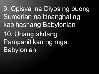 Binubuo ito ng 282 batas tungkol sa ibat ibang aspekto ng pamumuhay sa Mesopotamia. Ang Babylonia ˌbæbɪloʊniə ay isang sinaunang Akkadian na nagsasalita ng estado at kultural na lugar na nakabatay sa gitnang-timog Mesopotamia kasalukuyan-araw na Iraq. KABIHASNANG SUMER Ang mga Sumerian ay bihasa sa pagpapalago nga ibat ibang pananim at iyon ang naging hudyat upang sila ay magtagal sa isang lugar.
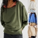 Fashion Solid Color Round Neck Batwing Long Sleeve High-low Hemline Shirt
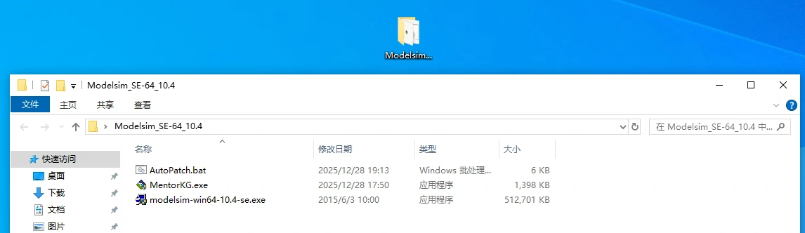 将压缩包中的Modelsim_SE-64_10.4文件夹完整解压出来,得到如下图的文件。
.....
■ What to produce ■
All of the data is to be reproduced exactly, with the pictures left out.

■ Answer section ■
 Binubuo ito ng 282 batas tungkol sa ibat ibang aspekto ng pamumuhay sa Mesopotamia. Ang Babylonia ˌbæbɪloʊniə ay isang sinaunang Akkadian na nagsasalita ng estado at kultural na lugar na nakabatay sa gitnang-timog Mesopotamia kasalukuyan-araw na Iraq. KABIHASNANG SUMER Ang mga Sumerian ay bihasa sa pagpapalago nga ibat ibang pananim at iyon ang naging hudyat upang sila ay magtagal sa isang lugar.
 Fashion Solid Color Round Neck Batwing Long Sleeve High-low Hemline Shirt
 将压缩包中的Modelsim_SE-64_10.4文件夹完整解压出来,得到如下图的文件。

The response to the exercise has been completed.